UPDATE 2007-05-17: Due to migration of my site, the self poisoning test may not be working properly. I will update this page again when it is functional again.

For a description of DNS poisoning, read this. On this page I have set up a simple procedure where I will try to poison your DNS cache and take over the domain example.com (reserved by IANA for examples). To see if you can be poisoned, follow these simple steps:

  1. click on this link (it will fail with a DNS error, because that name doesn't have an address, but things will nevertheless happen in your caching DNS)
  2. click this link. If you see the page with a link to RFC 2606, you are probably safe
If you get to my "poisoned" page in the second step, someone could be stealing your bank account information just as easy as I did this. All it needs to work is one stray click...

What actually happens?

The link in step 1. points to http://bad.ketil.froyn.name/. My name server is authoritative for ketil.froyn.name, so your resolver will ask my name server what the IP for bad.ketil.froyn.name is. My response is to delegate bad.ketil.froyn.name to www.example.com, which is ok. In addition, the response includes the IP address for www.example.com. If your resolver trusts this, that is not ok.
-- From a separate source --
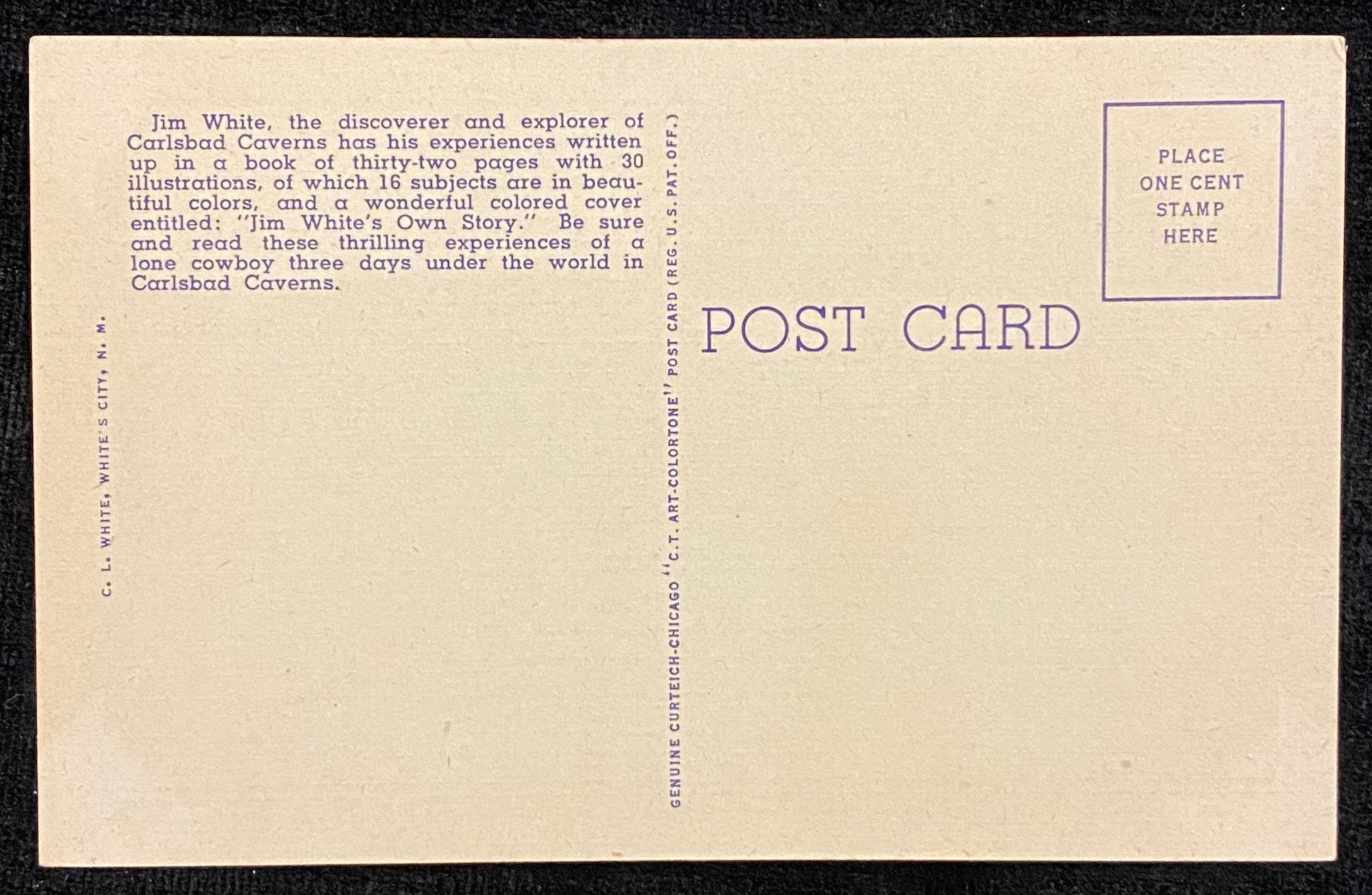 Back: "Jim White, the discoverer and explorer of Carlsbad Caverns has his experiences written up in a book of thirty-two pages with 30 illustrations, of which 16 subjects are in beautiful colors, and a wonderful colored cover entitled: 'Jim White's Own Story.' Be sure and read these thrilling experiences of a lone cowboy three days under the world in Carlsbad Caverns."

The link in step 2. points to http://www.example.com/. If you were poisoned, you will arrive at the IP address I gave for www.example.com in step 1., rather than the correct IP for www.example.com. I have configured the web server at that IP to respond to www.example.com with a specific page, which contains a warning that you are vulnerable to poisoning. If it looked exactly the same, you would probably never have known.